Previously, Facebook would freeze the deceased user’s account, while also add the word “Remembering” next to the person’s name and remove any ads from the profile page. This option for “Memorialized Accounts” is still the default. But now Facebook is letting users in the U.S. to pick a “legacy contact” to post on their page after they die, manage friend requests, update their profile picture and cover photo as well as archive content.

“Facebook is a place to share and connect with friends and family. For many of us, it’s also a place to remember and honor those we’ve lost. When a person passes away, their account can become a memorial of their life, friendships and experiences,” the social networking giant explained in a blog post detailing the new feature.

“Until now, when someone passed away, we offered a basic memorialized account which was viewable, but could not be managed by anyone. By talking to people who have experienced loss, we realized there is more we can do to support those who are grieving and those who want a say in what happens to their account after death.”

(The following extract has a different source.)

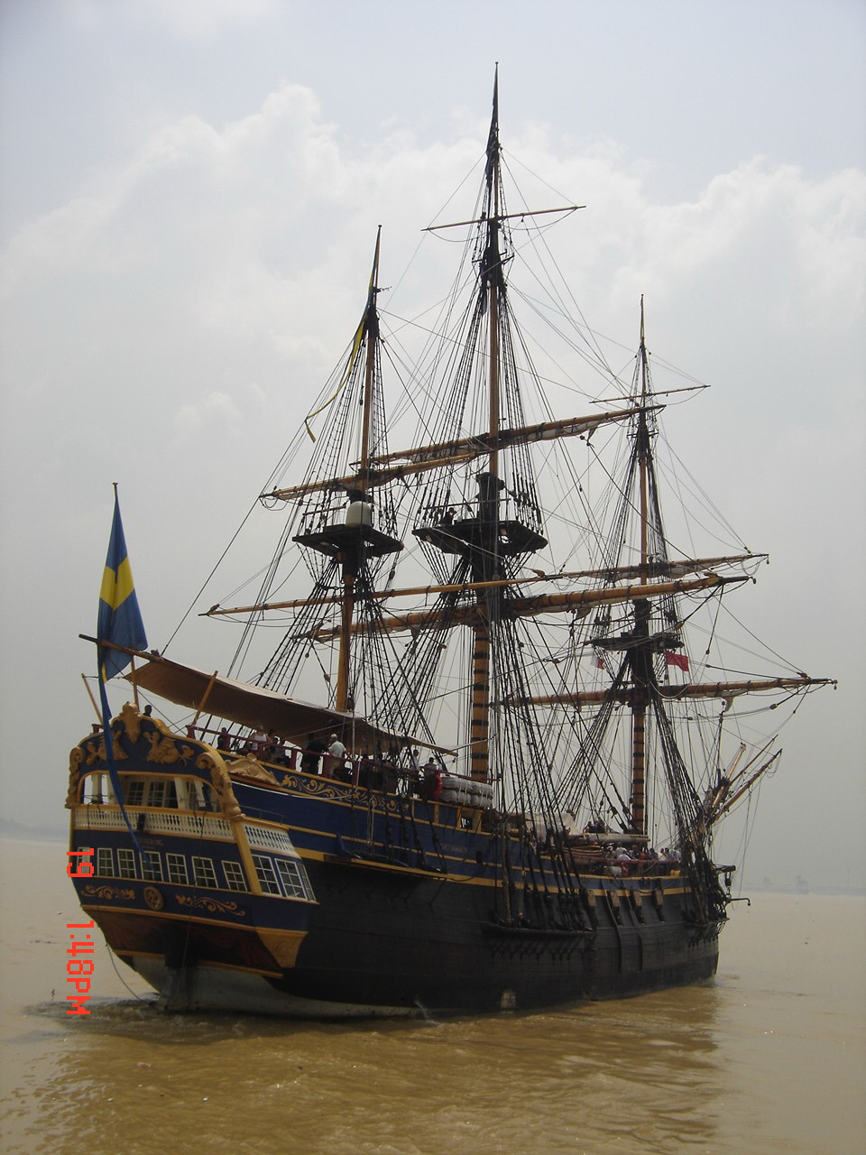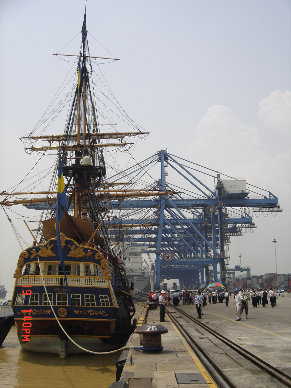 2006年7月19日13时,“来了!来了!”,伴随着众多围观群众的阵阵欢呼声,世界上最大的仿古木制帆船“哥德堡”号成功靠泊GCT新沙码头。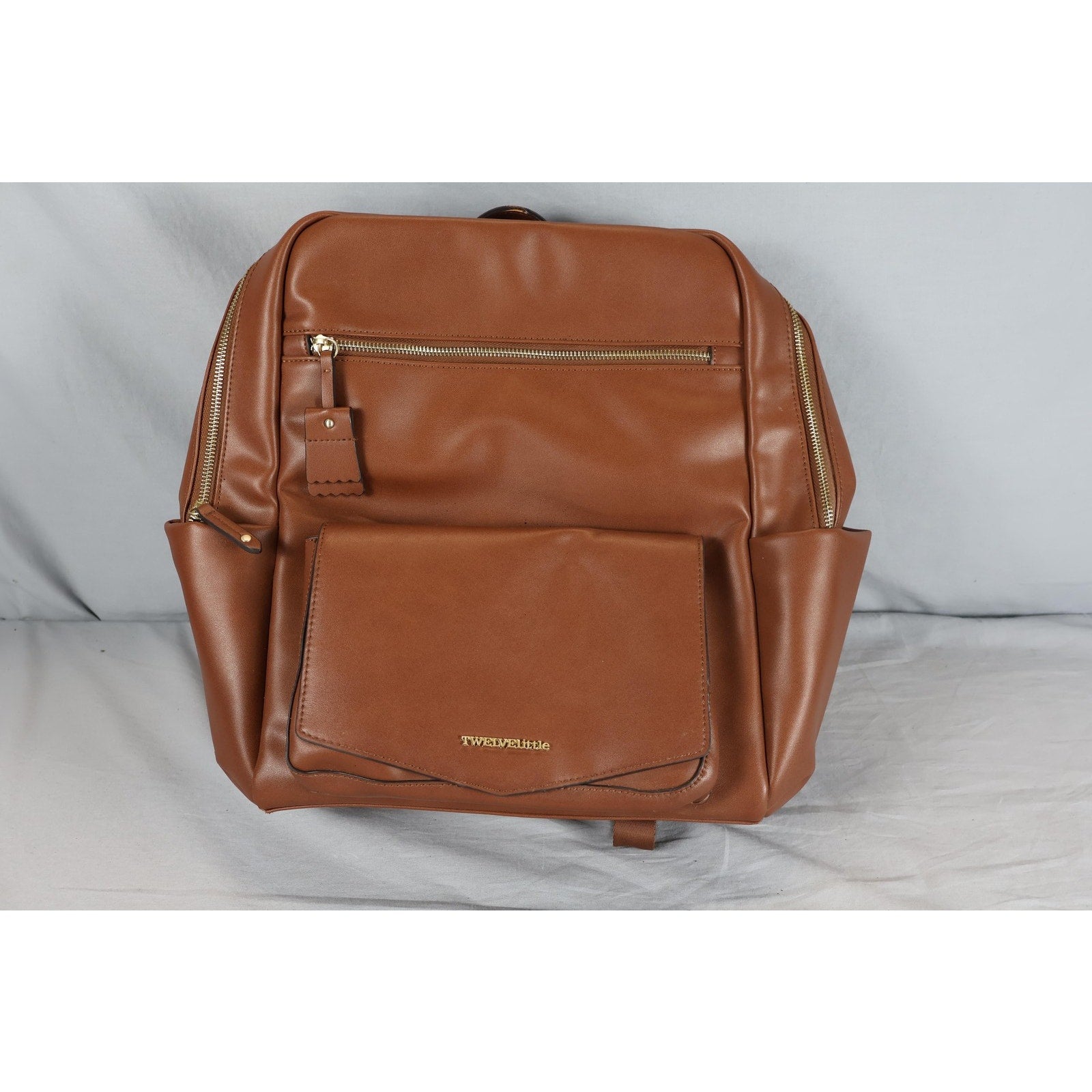 TWELVElittle Brown Vegan Leather Diaper Backpack Bag Changing Pad Pockets Travel

“If someone chooses, they may give their legacy contact permission to download an archive of the photos, posts and profile information they shared on Facebook. Other settings will remain the same as before the account was memorialized.”

However, the feature will not let the “Legacy Contact” view or answer private messages sent to the original account holder, edit old posts or delete the entire account, the company noted. Users will also have the option to get their accounts deleted after their death, which was not possible before.

Interested users can add a legacy contact through Settings > Security > Legacy Contact.

The new Legacy contact feature is currently available for U.S. users only; support in other countries is expected to follow soon.